**Goal of the exercise**
Pictures stay out of the copy. Retype exactly, and only, the lines from the one containing "VERONA U Ecksofa" through the end of the listing below.

**Dataset excerpt**
--

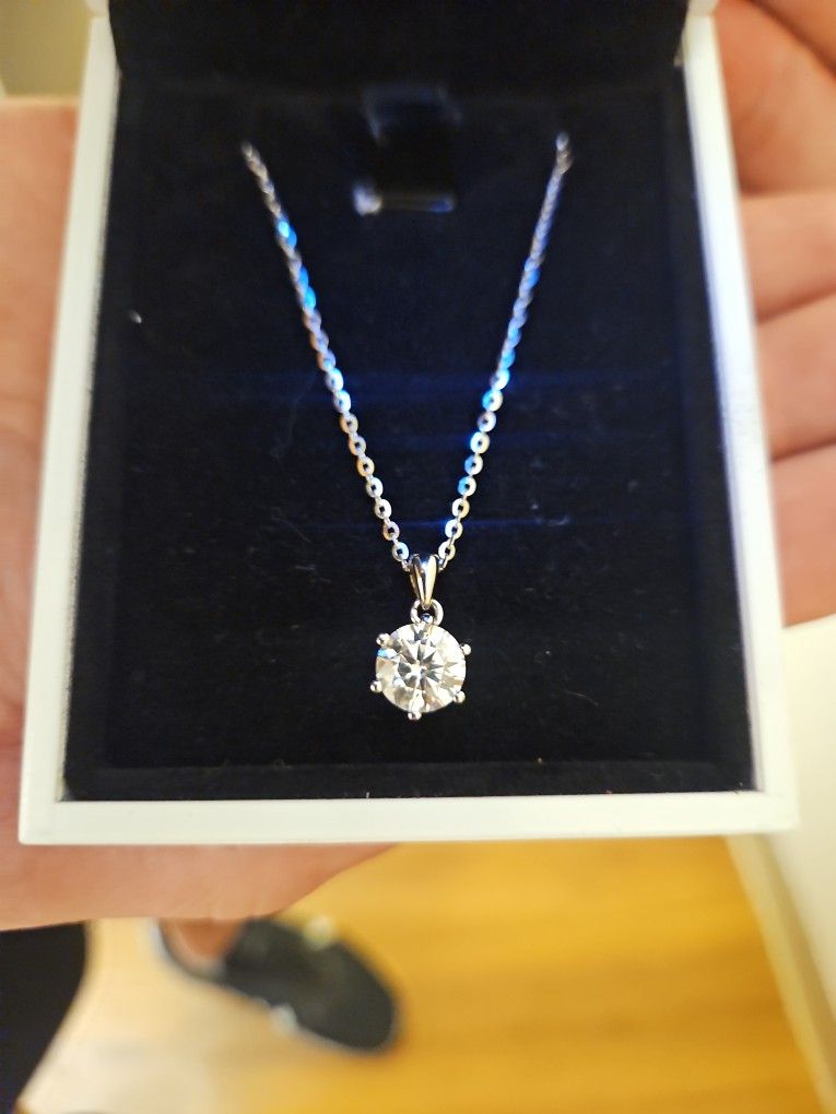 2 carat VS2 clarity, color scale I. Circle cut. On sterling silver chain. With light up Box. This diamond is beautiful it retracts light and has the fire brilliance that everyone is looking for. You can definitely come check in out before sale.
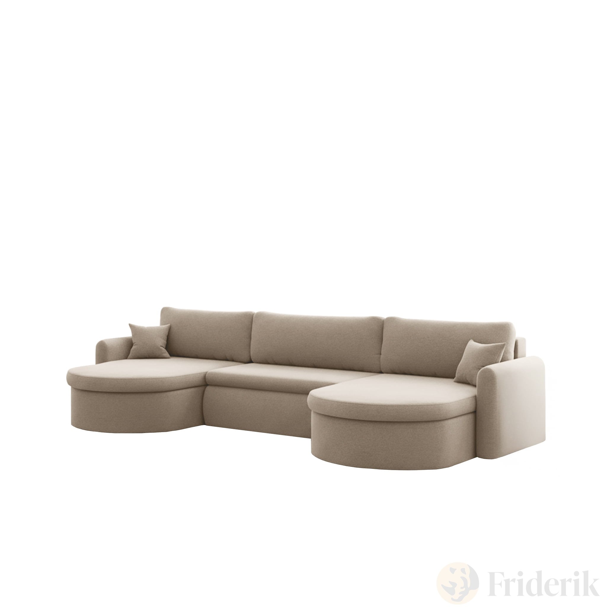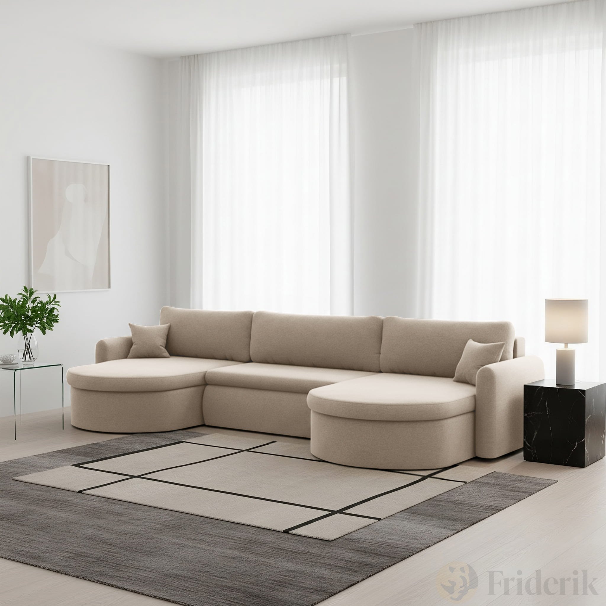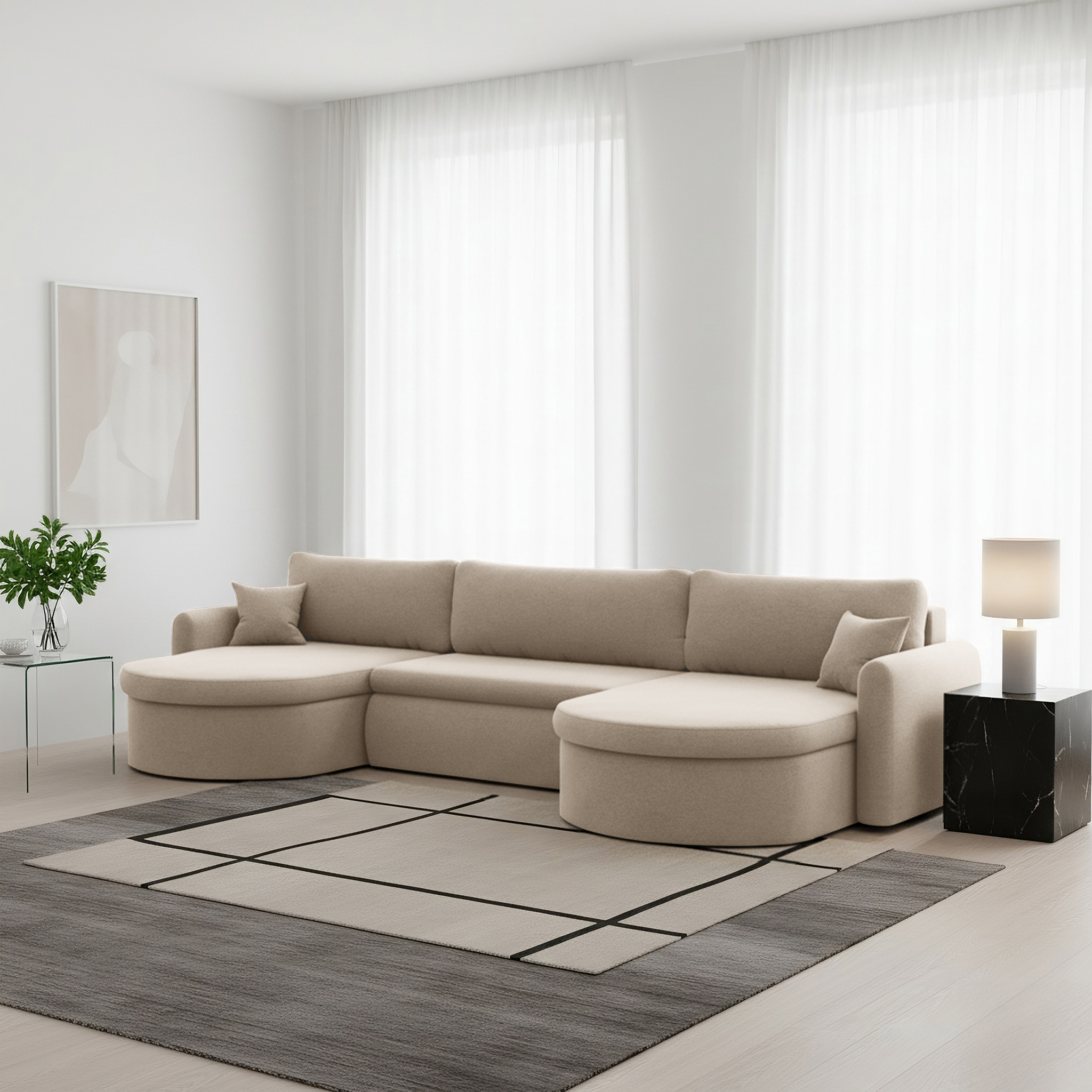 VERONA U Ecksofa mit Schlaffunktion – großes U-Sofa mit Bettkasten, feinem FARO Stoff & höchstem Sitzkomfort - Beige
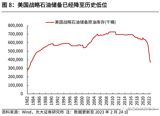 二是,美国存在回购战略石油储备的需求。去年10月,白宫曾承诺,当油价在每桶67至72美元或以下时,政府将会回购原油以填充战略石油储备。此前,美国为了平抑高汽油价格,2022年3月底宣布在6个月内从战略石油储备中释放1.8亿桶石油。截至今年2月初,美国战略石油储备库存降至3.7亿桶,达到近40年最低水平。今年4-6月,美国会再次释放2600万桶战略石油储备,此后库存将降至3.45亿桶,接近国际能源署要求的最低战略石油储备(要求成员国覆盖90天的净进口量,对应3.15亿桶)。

--

**Result of this task**
 VERONA U Ecksofa mit Schlaffunktion – großes U-Sofa mit Bettkasten, feinem FARO Stoff & höchstem Sitzkomfort - Beige
 二是,美国存在回购战略石油储备的需求。去年10月,白宫曾承诺,当油价在每桶67至72美元或以下时,政府将会回购原油以填充战略石油储备。此前,美国为了平抑高汽油价格,2022年3月底宣布在6个月内从战略石油储备中释放1.8亿桶石油。截至今年2月初,美国战略石油储备库存降至3.7亿桶,达到近40年最低水平。今年4-6月,美国会再次释放2600万桶战略石油储备,此后库存将降至3.45亿桶,接近国际能源署要求的最低战略石油储备(要求成员国覆盖90天的净进口量,对应3.15亿桶)。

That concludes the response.